__INFORMATION SHOWN__:
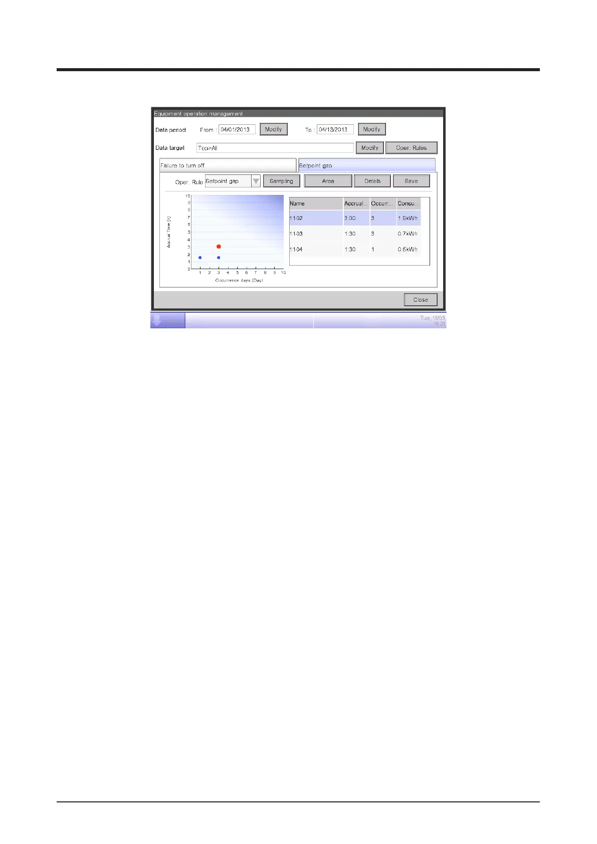 Failure to turn off Tab (Equipment operation management Screen)”).
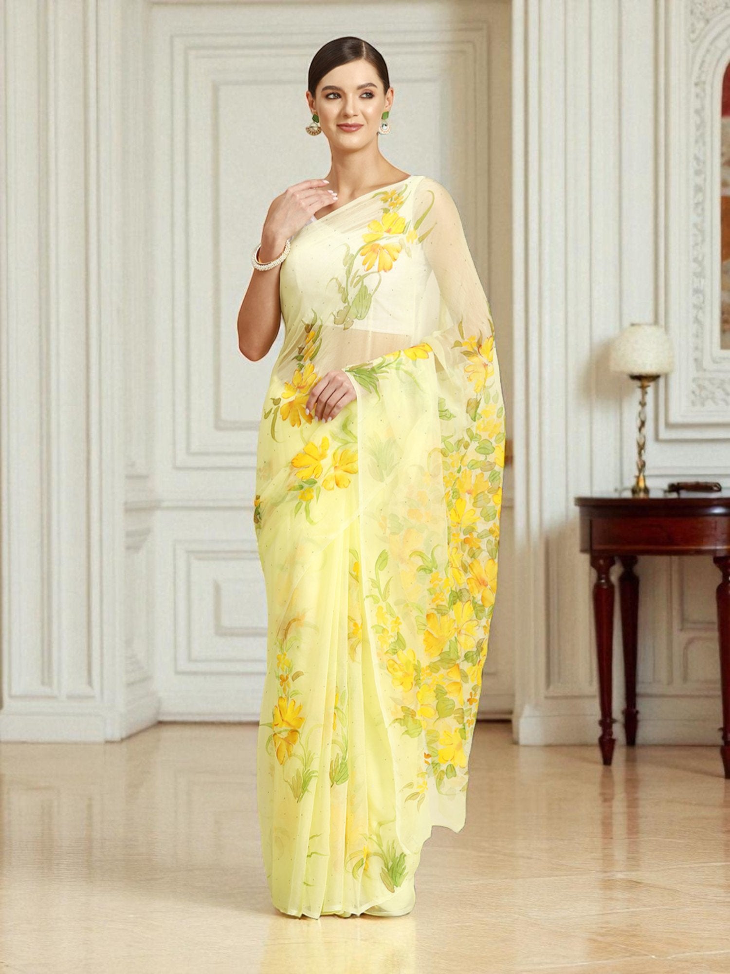 A hand-painted chiffon creation inspired by royal gardens — subtle, soft, and regal in every drape. Crafted by a single artisan, it is a symbol of meditative mastery.
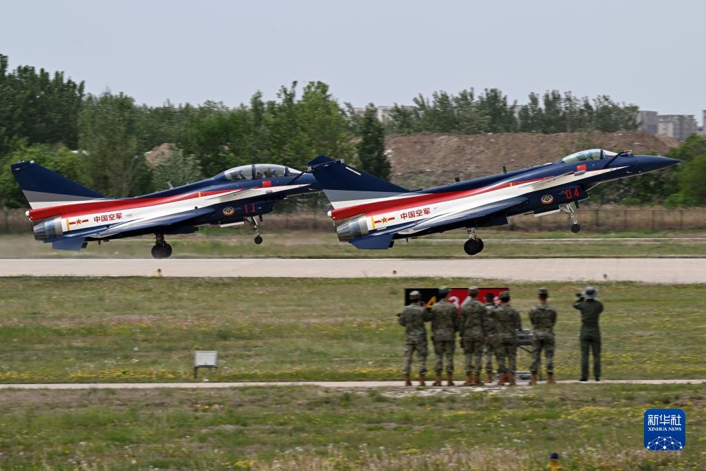 空軍八一飛行表演隊殲-10C(右)和殲-10S(左)表演機編隊起飛,開展訓練(5月6日攝)。

__WHAT IS NEEDED__: When the line that holds "A hand-painted chiffon" is reached, begin duplicating exactly, and continue through the last line of the listing, skipping the pictures; output nothing else.

__ANSWER SECTION__:
 A hand-painted chiffon creation inspired by royal gardens — subtle, soft, and regal in every drape. Crafted by a single artisan, it is a symbol of meditative mastery.
 空軍八一飛行表演隊殲-10C(右)和殲-10S(左)表演機編隊起飛,開展訓練(5月6日攝)。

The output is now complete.